Prenatal Testing Services

As you prepare for parenthood or decide whether it's right for you, you have a lot to consider. Our prenatal testing services provide the information and reassurance you need to decide what's best for you. We offer a full range of prenatal screening tests based on your health and wishes.

Our Prenatal Testing and Screening

Our goal is to help you make informed decisions about the seemingly endless choices you have. Our prenatal testing detects health conditions that may affect you and your unborn baby. With this knowledge, you can begin treatment as soon as possible. Earlier treatment can increase your chances for a healthy pregnancy and baby.

Our services include:

Genetic counseling gives you information about your risk of passing down genetic conditions or birth defects to your child. This may be the first step you take before prenatal testing.

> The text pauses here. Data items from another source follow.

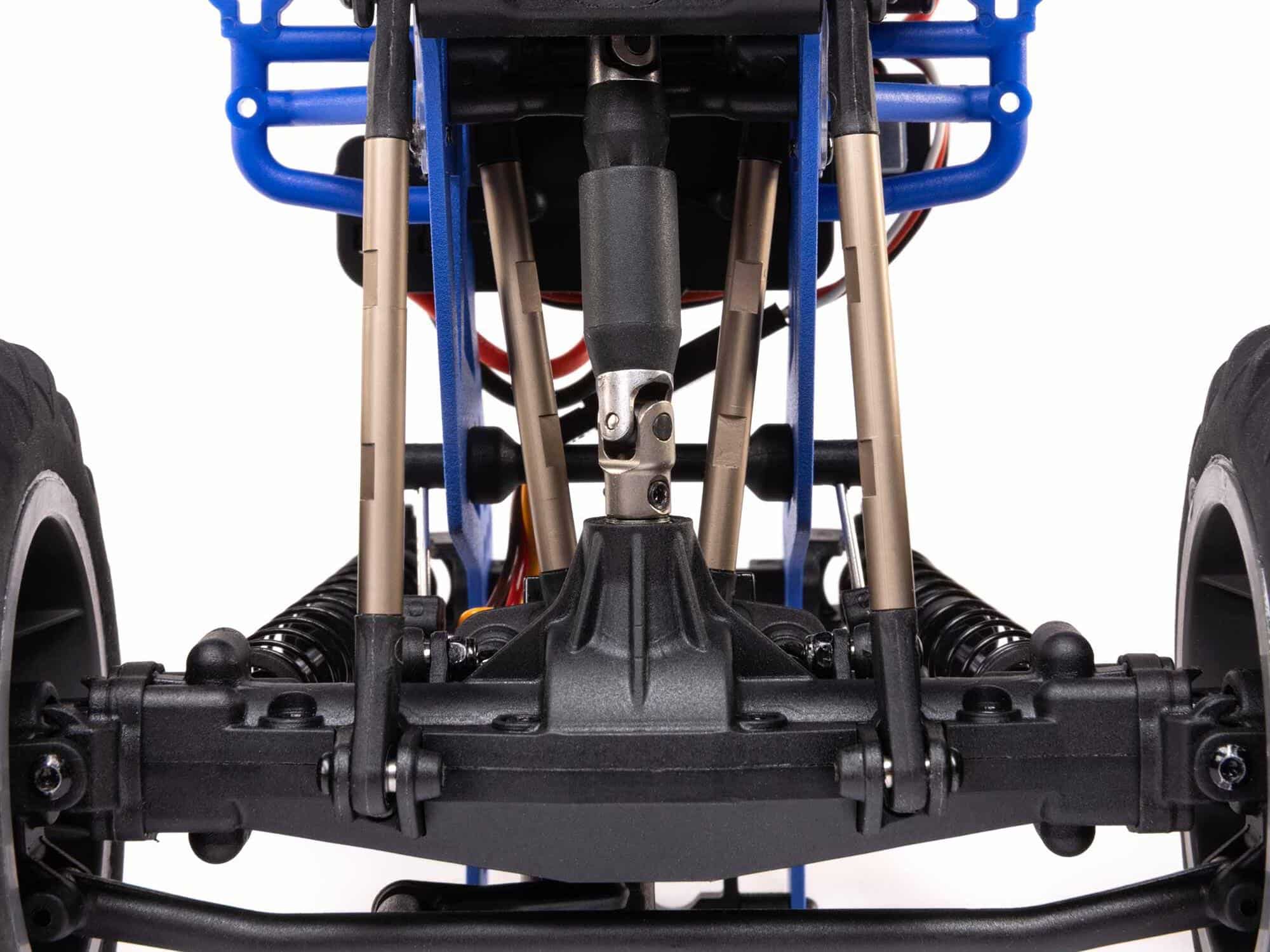 Anyone who loves working on full-scale cars and trucks will enjoy maintaining and upgrading the Losi Mini LMT 4WD, just as they would a real vehicle. For example, these durable metal yokes allow the driveline to be serviced and repaired easily whenever necessary. Links made from durable aluminium hang tough through hard-hitting monster truck action. They’re easy to maintain and allow easy rod end replacement.
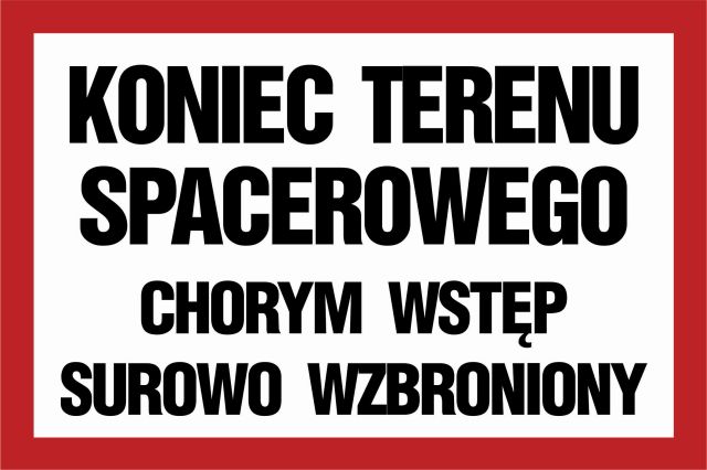 Znak Koniec terenu spacerowego chorym wstęp surowo wzbroniony
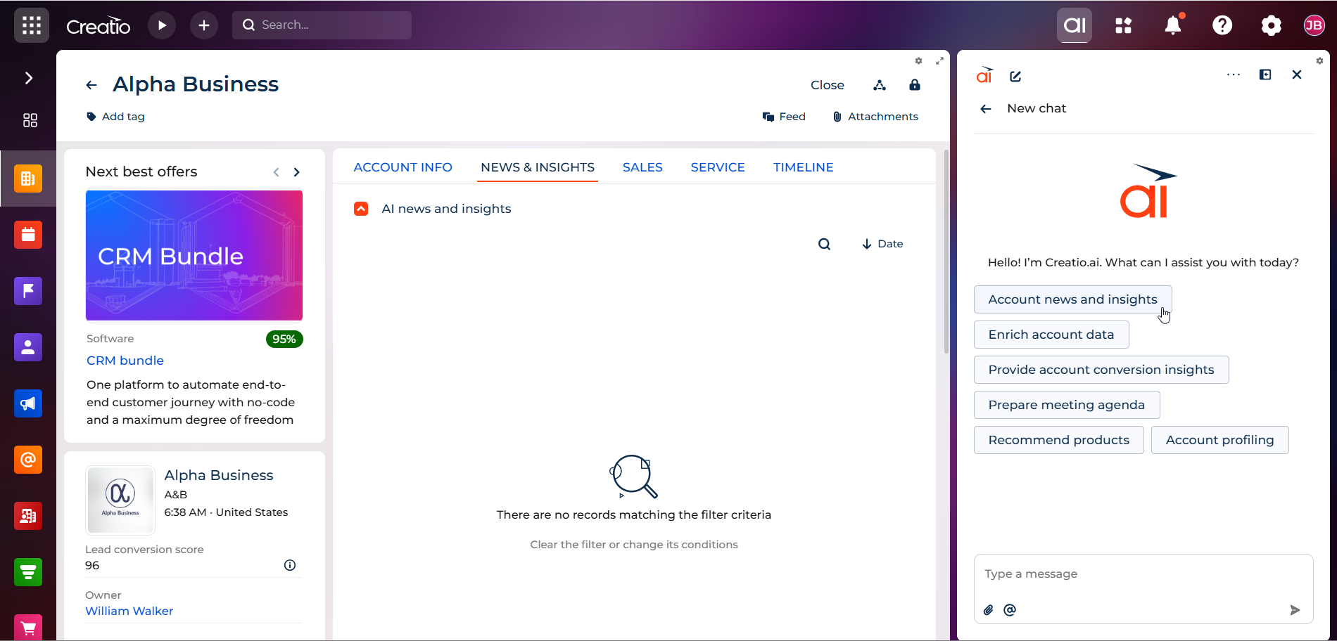 Click the Account news and insights button in the Creatio.ai chat panel. (Fig. 1)
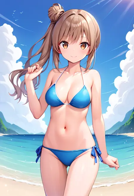satou sasara, brown hair, side ponytail, single hair bun, long hair, brown eyes,

In serum integrated screening, we draw the mother's blood to look for birth defects, such as Down syndrome and spina bifida. The screening involves two blood tests that take place during different stages of pregnancy:

  • First trimester: 10 to 13 weeks of pregnancy
  • Second trimester: 15 to 20 weeks of pregnancy

Noninvasive prenatal screening involves drawing the mother's blood to understand the risk for birth defects, such as Down syndrome. This screening is not used to diagnose birth defects.

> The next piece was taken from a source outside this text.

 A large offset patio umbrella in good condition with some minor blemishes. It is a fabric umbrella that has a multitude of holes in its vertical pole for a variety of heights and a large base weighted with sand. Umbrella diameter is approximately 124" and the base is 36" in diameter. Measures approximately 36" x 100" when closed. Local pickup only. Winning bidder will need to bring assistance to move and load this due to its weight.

If these test results show there is a chance your baby has a genetic condition, then you and your doctor may decide to proceed with additional testing. These tests include chorionic villus sampling and amniocentesis.

In AFP testing, we draw the mother's blood to look for birth defects, such as spina bifida. High levels of AFP (alpha-fetoprotein) often mean the unborn baby has a birth defect. AFP testing can also be used to screen for some common chromosomal abnormalities.

All unborn babies produce alpha-fetoprotein (AFP). AFP then appears in the mother's blood. Higher-than-normal levels for the mother's stage of pregnancy show that the baby may have an issue.

Pregnancy ultrasound, or a sonogram, gives you and your doctor pictures of your unborn baby. It is a routine prenatal test that serves many purposes, such as confirming pregnancy and checking your baby's growth and development.

Types of pregnancy ultrasound include:

  • Nuchal translucency test (first trimester ultrasound)
  • Fetal anatomy survey (level 2 ultrasound, 20-week ultrasound, 2-week anatomy scan)
  • Growth ultrasound (growth scan)
  • Doppler assessment (fetal Doppler)

In chorionic villus sampling, we remove a small amount of tissue from the placenta, called chorionic villi. The placenta delivers oxygen and nutrients to the unborn baby and removes waste from the baby's blood. Chorionic villus testing can detect genetic diseases.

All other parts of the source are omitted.